──────── Task inputs
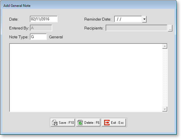 From the Notes Tab, click Add or press F4 to add a Note. The following screen appears.
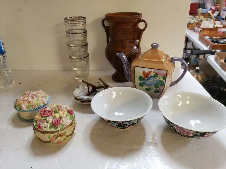 LOT 519 - Trinket Containers, Oriental Inspired Bowl, Tea Pot & More
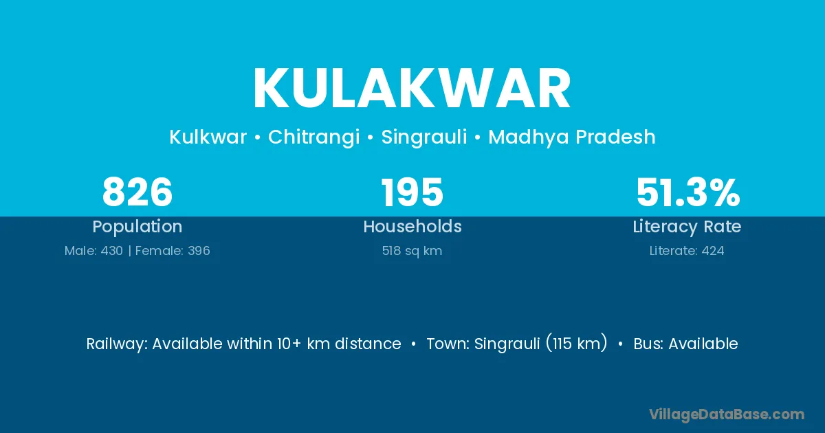 Singrauli (115 km) is the nearest town to Kulakwar village for major economic activities and is located approximately 115 km away.
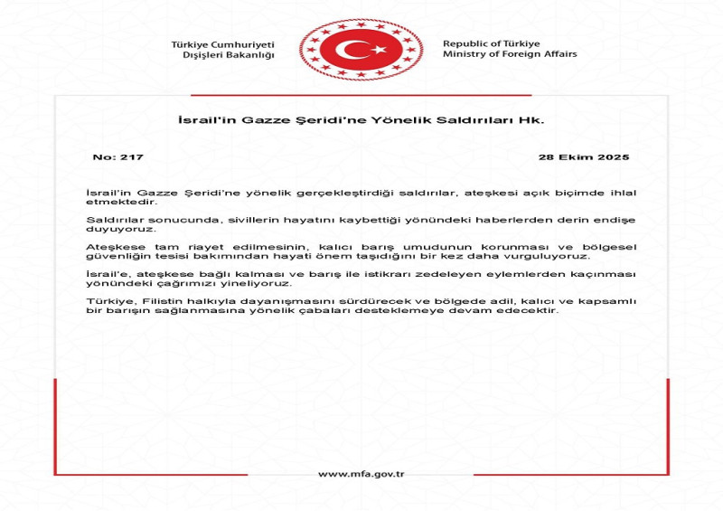 Türkiye Cumhuriyeti Dışişleri Bakanlığı, İsrail’in Gazze Şeridi’ne yönelik son saldırılarına ilişkin yazılı bir açıklama yayımladı. Bakanlık, saldırıların ateşkesi açık biçimde ihlal ettiğini belirterek, sivillerin hayatını kaybettiği yönündeki haberlerden derin endişe duyulduğunu ifade etti.
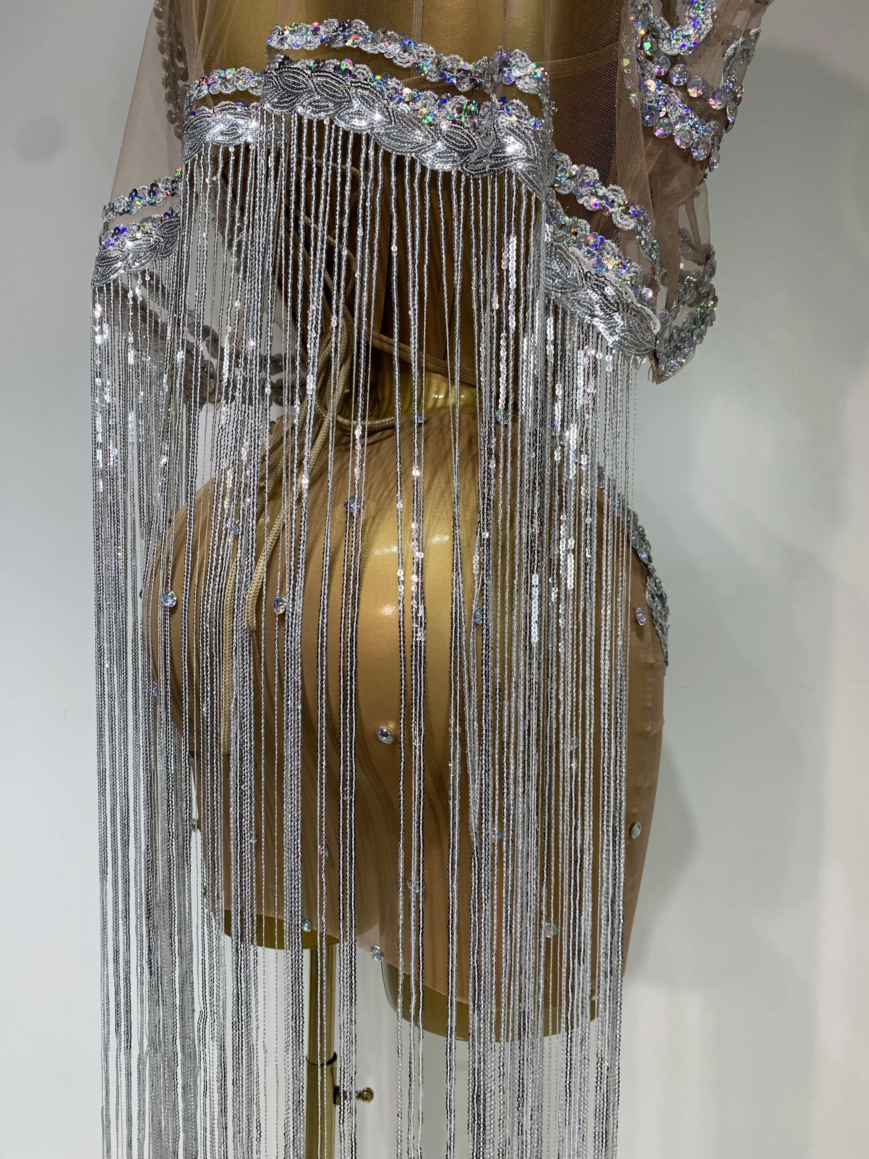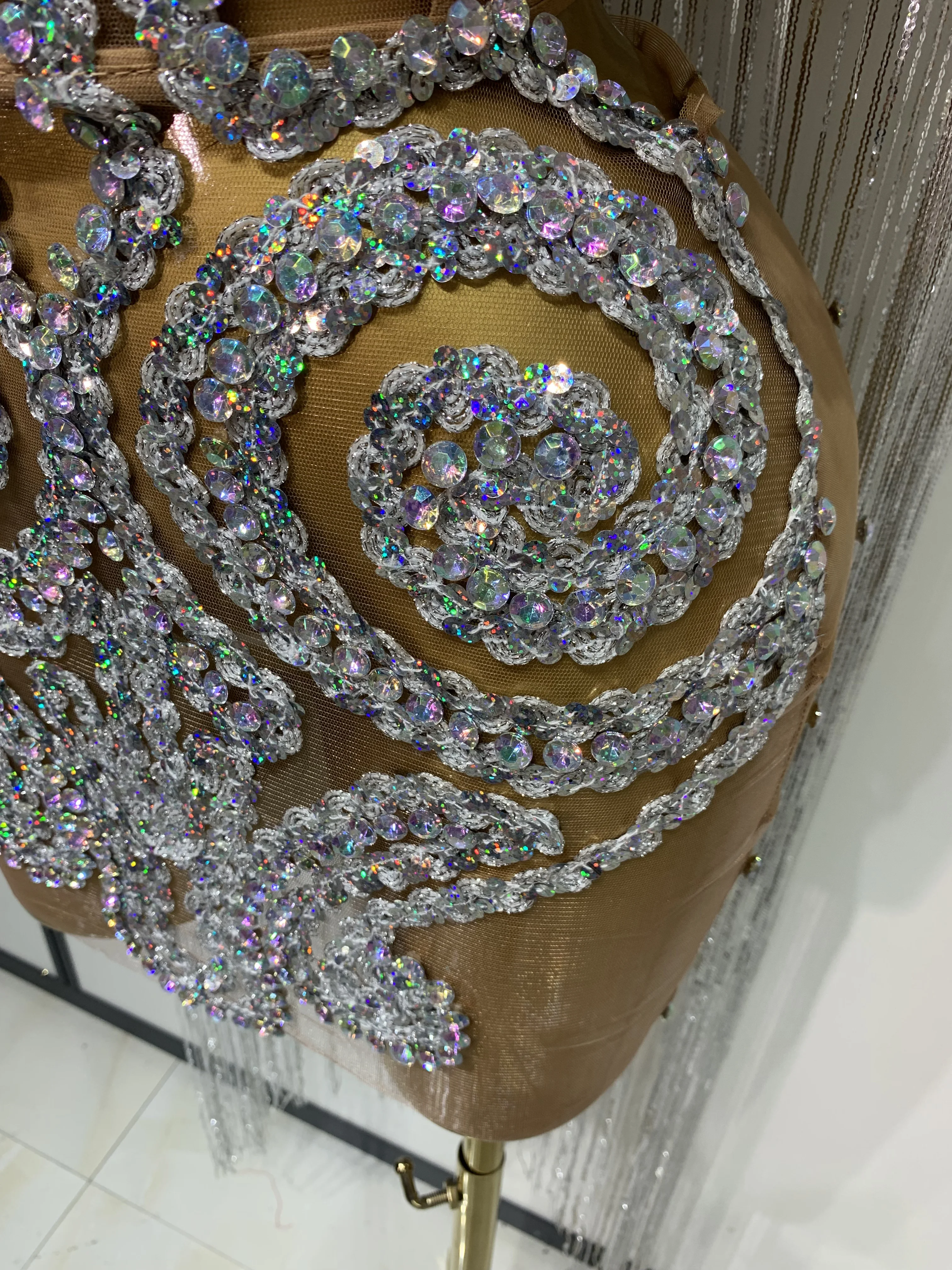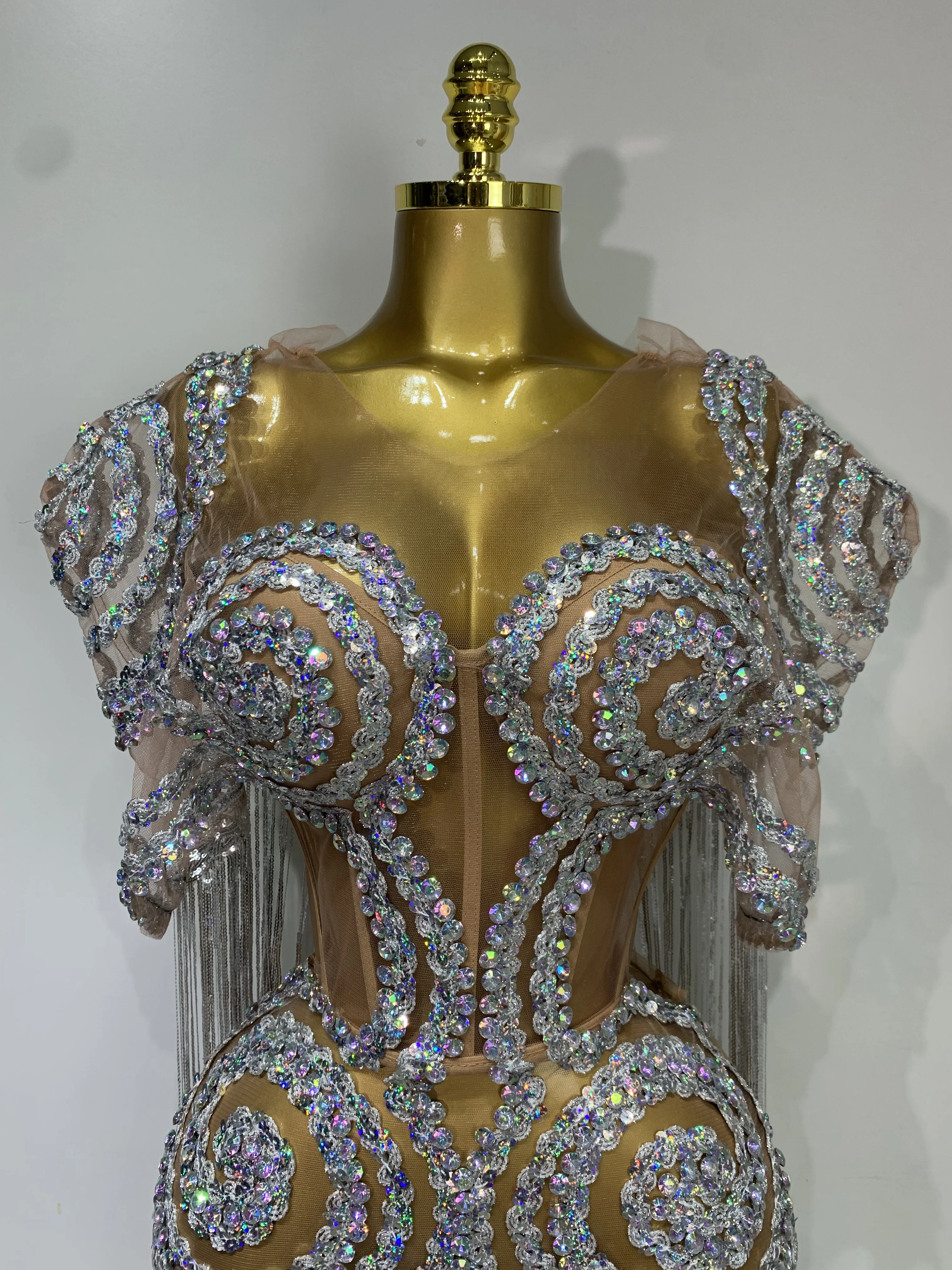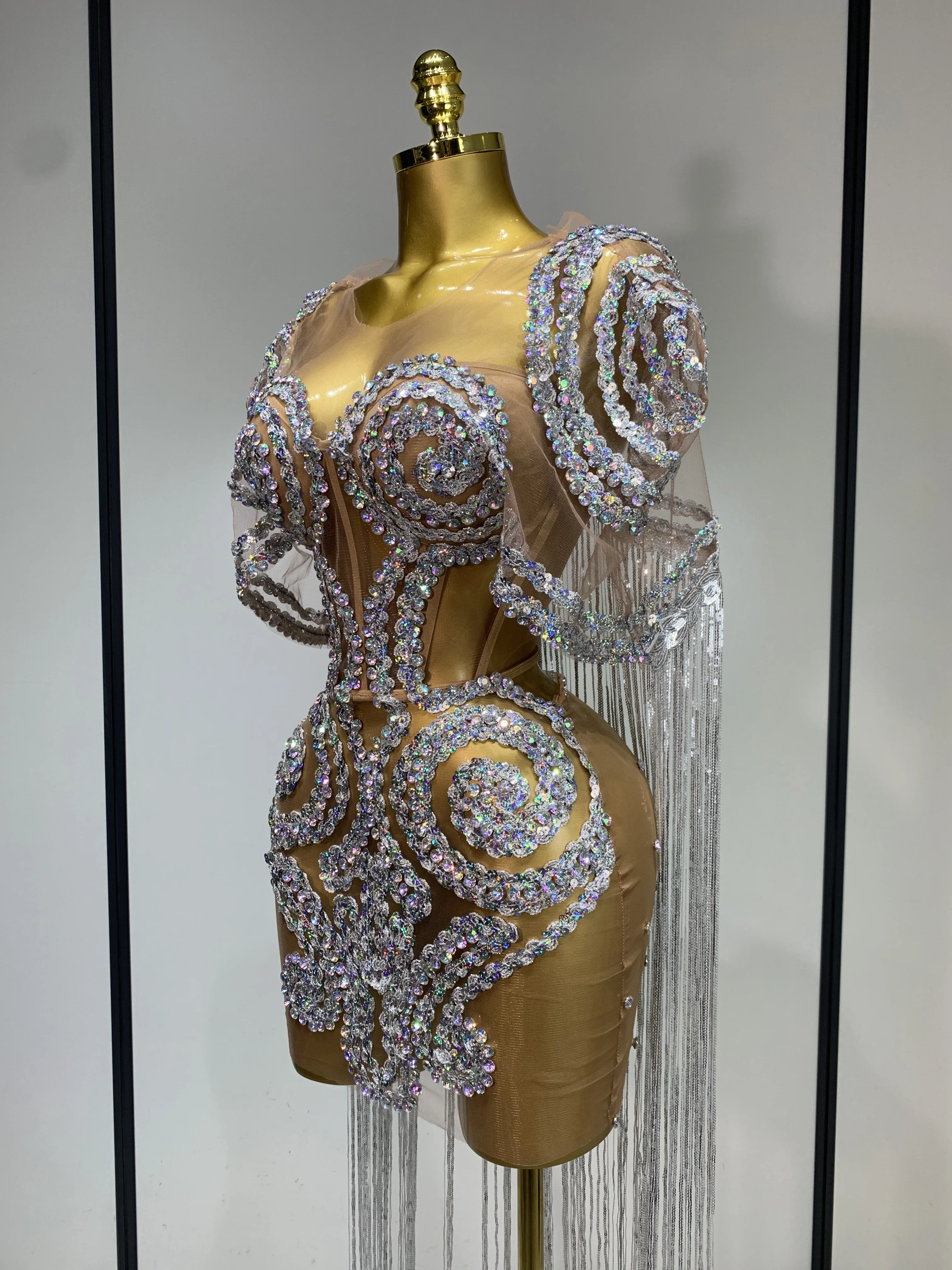 QueenLine Luxury Celebrity Sparkly Rhinestones Tassel Sexy Mesh Transparent Short Evening Birthday Dress
────────────────
## [Work item]
Write out everything in the data word for word. Omit each picture.

## [Answer to the exercise]
 From the Notes Tab, click Add or press F4 to add a Note. The following screen appears.
 LOT 519 - Trinket Containers, Oriental Inspired Bowl, Tea Pot & More
 Singrauli (115 km) is the nearest town to Kulakwar village for major economic activities and is located approximately 115 km away.
 Türkiye Cumhuriyeti Dışişleri Bakanlığı, İsrail’in Gazze Şeridi’ne yönelik son saldırılarına ilişkin yazılı bir açıklama yayımladı. Bakanlık, saldırıların ateşkesi açık biçimde ihlal ettiğini belirterek, sivillerin hayatını kaybettiği yönündeki haberlerden derin endişe duyulduğunu ifade etti.
 QueenLine Luxury Celebrity Sparkly Rhinestones Tassel Sexy Mesh Transparent Short Evening Birthday Dress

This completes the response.